Code of the District of Columbia

§ 16–902. Residency requirements.

(a) Except as provided in subsection (b) of this section, no action for divorce or legal separation shall be maintainable unless one of the parties to the marriage has been a bona fide resident of the District of Columbia for at least 6 months next preceding the commencement of the action.

(b)(1) An action for divorce or legal separation by persons of the same gender, even if neither party to the marriage is a bona fide resident of the District of Columbia at the time the action is commenced, shall be maintainable if the following apply:

(A) The marriage was performed in the District of Columbia; and

(B) Neither party to the marriage resides in a jurisdiction that will maintain an action for divorce or legal separation.

(2) It shall be a rebuttable presumption that a jurisdiction will not maintain an action for divorce or legal separation if the jurisdiction does not recognize the marriage.

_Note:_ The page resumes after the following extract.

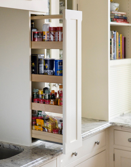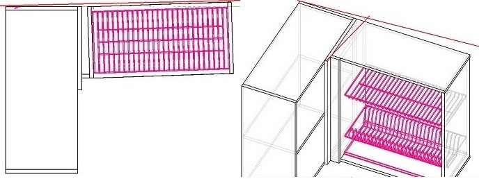 Аналог популярной бутылочницы, которую часто используют в напольных шкафах. Прекрасно заполняет неудобные узкие ниши, которые часто остаются при проектировании гарнитура в малогабаритной кухне. Выдвижная конструкция с 2-3 полочками крепится к фасаду и позволяет по-максимуму использовать объем шкафов.
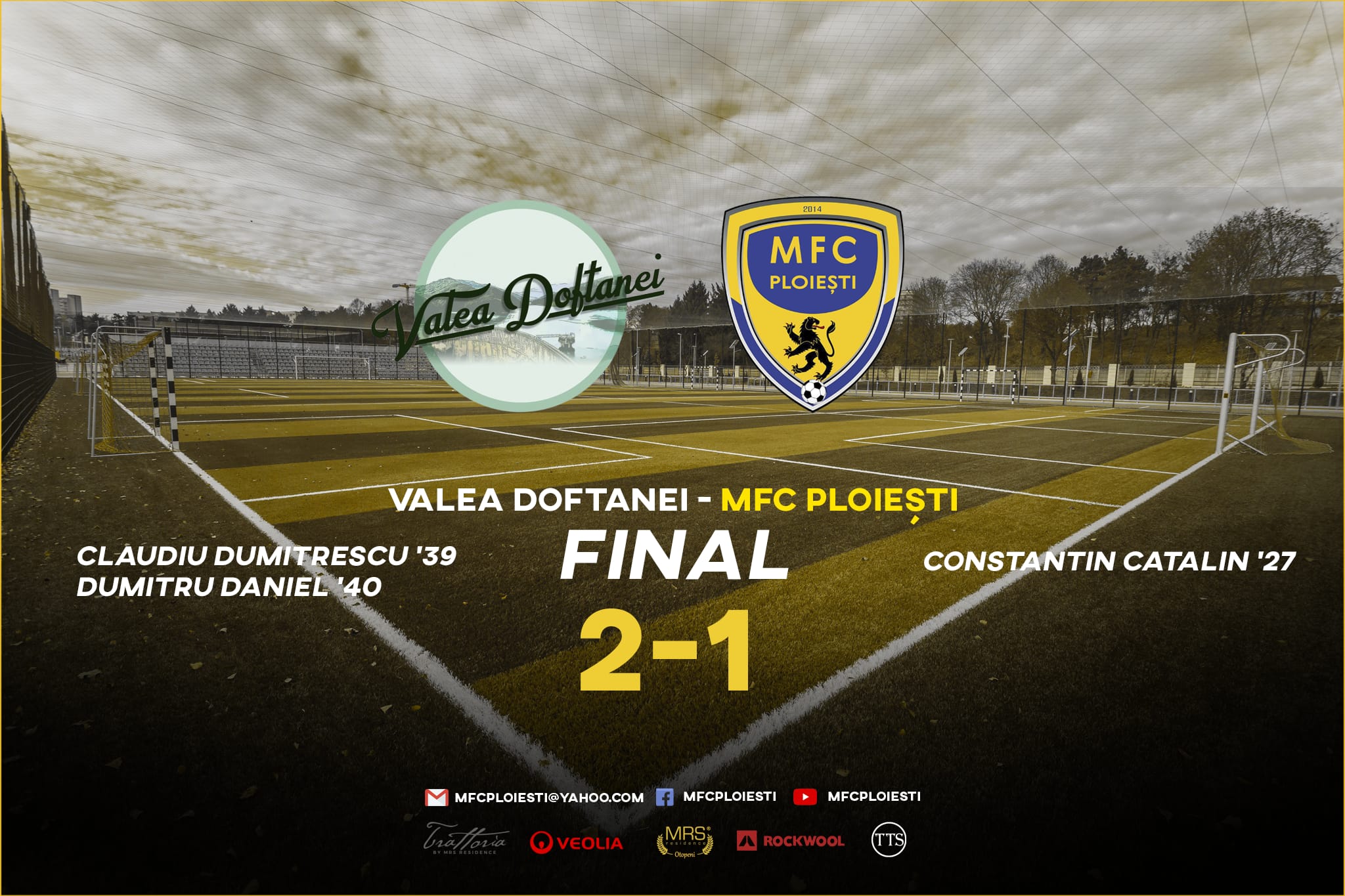 Repriza a două avea sa il aiba in prim-plan pe portarul Mihai Vanghele, care s-a arătat a fi intr-o forma de zile mari, reușind sa apere încercările adversarilor de a marca, fie prin Claudiu Dumitrescu, Dumitru Daniel sau Matei Marian. Intervențiile portarului nostru au dat încredere si siguranța grupului, iar MFC Ploiești deschide scorul in minutul 27, prin Constantin Cătălin, care a îndeplinit o simplă formalitate in fața porții, acolo unde l-a găsit pasa lui Valentin Sandu, iar scorul devenea 1-0 pentru galben-negrii lui Gabriel Georgescu. Golul venit din partea ploiestenilor n-a făcut decât să ii motiveze pe adversari, aceștia atacând in valuri, drept dovadă, in minutul 39, Claudiu Dumitrescu inscrie dintr-o lovitură liberă, aducând egalarea, insa meciul nu avea să se termine si in minutul 40, chiar la ultima fază a meciului, Alin Marcu face o greșeală uriașă in aparare si ii pasează cu exteriorul lui Dumitru Daniel, care inscrie si aduce victoria echipei sale, scorul final fiind 2-1 pentru Valea Doftanei!

(3) Any action for divorce or legal separation as provided by this subsection, including any accompanying petition for alimony, assignment and equitable distribution of property, pendente lite relief, or child custody determination if the District has jurisdiction under § 16-4602.01 or § 16-4602.03, shall be adjudicated in accordance with the laws of the District of Columbia.

(c) No action for annulment of a marriage performed outside the District of Columbia or for affirmance of any marriage shall be maintainable unless one of the parties is a bona fide resident of the District of Columbia at the time of the commencement of the action.

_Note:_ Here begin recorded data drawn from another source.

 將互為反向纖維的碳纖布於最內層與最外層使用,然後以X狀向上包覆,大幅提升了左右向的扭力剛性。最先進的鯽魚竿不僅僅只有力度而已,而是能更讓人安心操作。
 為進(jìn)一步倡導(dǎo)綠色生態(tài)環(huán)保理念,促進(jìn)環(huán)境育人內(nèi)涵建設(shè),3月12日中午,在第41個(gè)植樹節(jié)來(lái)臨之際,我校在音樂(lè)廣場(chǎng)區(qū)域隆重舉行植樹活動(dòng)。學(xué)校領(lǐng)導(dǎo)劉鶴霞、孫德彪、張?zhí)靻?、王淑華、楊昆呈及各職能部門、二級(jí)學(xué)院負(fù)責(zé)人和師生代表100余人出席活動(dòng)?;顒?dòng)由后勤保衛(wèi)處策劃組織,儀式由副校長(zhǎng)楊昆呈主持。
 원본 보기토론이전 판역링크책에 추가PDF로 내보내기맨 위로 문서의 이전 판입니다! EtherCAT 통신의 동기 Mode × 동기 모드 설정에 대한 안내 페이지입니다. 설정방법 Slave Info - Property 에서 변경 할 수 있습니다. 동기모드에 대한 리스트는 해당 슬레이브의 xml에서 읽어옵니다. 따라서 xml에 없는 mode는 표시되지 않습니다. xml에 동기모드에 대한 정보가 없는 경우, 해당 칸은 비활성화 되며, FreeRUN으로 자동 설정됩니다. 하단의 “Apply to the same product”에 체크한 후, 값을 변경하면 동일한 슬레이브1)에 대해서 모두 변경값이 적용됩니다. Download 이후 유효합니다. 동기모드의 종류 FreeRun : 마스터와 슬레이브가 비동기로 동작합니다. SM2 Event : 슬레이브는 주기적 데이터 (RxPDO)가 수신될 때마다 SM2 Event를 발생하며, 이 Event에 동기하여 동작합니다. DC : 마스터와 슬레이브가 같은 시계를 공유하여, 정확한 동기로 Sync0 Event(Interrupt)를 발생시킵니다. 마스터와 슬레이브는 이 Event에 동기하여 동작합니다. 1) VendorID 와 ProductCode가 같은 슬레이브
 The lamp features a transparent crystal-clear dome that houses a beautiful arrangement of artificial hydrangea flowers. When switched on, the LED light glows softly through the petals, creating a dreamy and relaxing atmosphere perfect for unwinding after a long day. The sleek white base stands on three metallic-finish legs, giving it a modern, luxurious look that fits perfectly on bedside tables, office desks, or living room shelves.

(d) The residence of the parties to an action for annulment of a marriage performed in the District of Columbia shall not be considered in determining whether the action shall be maintainable.

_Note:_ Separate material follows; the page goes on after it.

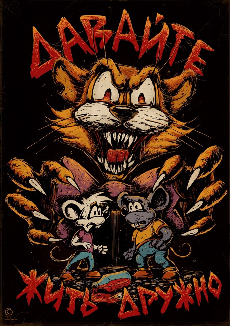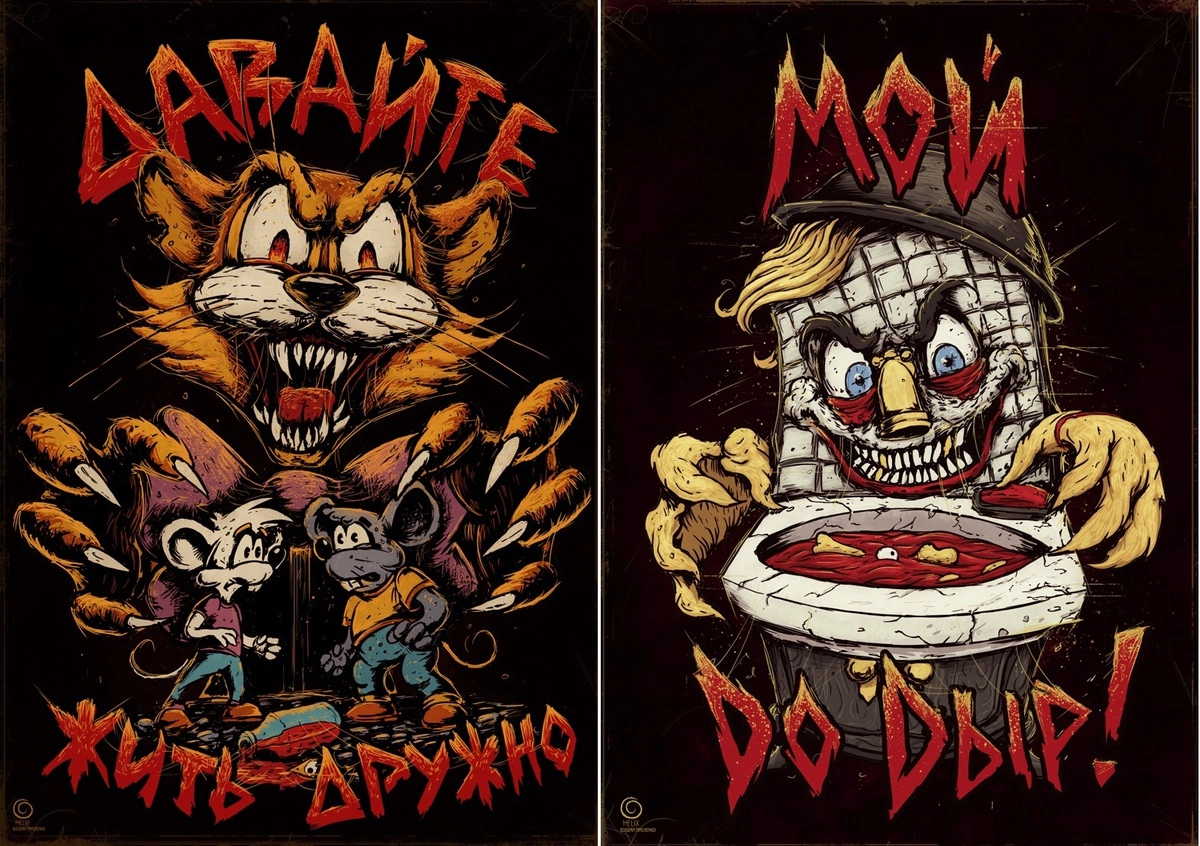 Красноярский художник Богдан Тимченко нарисовал серию работ с героями советских мультиков, которых изобразил суровыми, брутальными бандитами, а некоторых — почти маньяками. Например, Матроскин и Шарик теперь отбиваются от зомби, попугай Кеша увлёкся карате, Винни-Пух и Пятачок вынуждены воевать с пчёлами-убийцами, Чиполлино устраивает кровавый бунт богачам, а кот Леопольд, Мойдодыр и Карлсон стали похожи на персонажей из фильма ужасов.

(e) If a member of the armed forces of the United States resides in the District of Columbia for a continuous period of 6 months during his or her period of military service, he or she shall be deemed to reside in the District of Columbia for purposes of this section only.


(Dec. 23, 1963, Pub. L. 88-241, § 1, 77 Stat. 560; Sept. 29, 1965, 79 Stat. 889, Pub. L. 89-217, § 1; Apr. 7, 1977, D.C. Law 1-107, title I, § 101, 23 DCR 8737; May 31, 2012, D.C. Law 19-133, § 2, 59 DCR 2395; Mar. 10, 2015, D.C. Law 20-183, § 2(a), 61 DCR 11834.)

Prior Codifications

1981 Ed., § 16-902.

1973 Ed., § 16-902.

Effect of Amendments

D.C. Law 19-133 rewrote the section, which formerly read:

“No action for divorce or legal separation shall be maintainable unless one of the parties to the marriage has been a bona fide resident of the District of Columbia for at least six months next preceding the commencement of the action. No action for annulment of a marriage performed outside the District of Columbia or for affirmance of any marriage shall be maintainable unless one of the parties is a bona fide resident of the District of Columbia at the time of the commencement of the action. The residence of the parties to an action for annulment of a marriage performed in the District of Columbia shall not be considered in determining whether such action shall be maintainable. If a member of the armed forces of the United States resides in the District of Columbia for a continuous period of six months during his or her period of military service, he or she shall be deemed to reside in the District of Columbia for purposes of this section only.”

The 2015 amendment by D.C. Law 20-183 substituted “divorce or legal separation” for “divorce” throughout (b); and substituted “Any action for divorce or legal separation as provided by this subsection, including any accompanying petition for alimony, assignment and equitable distribution of property, pendent lite relief, or child custody determination if the District has jurisdiction under § 16-4602.01 or § 16.4602.03” for “Any action for divorce as provided by this subsection” in (b)(3).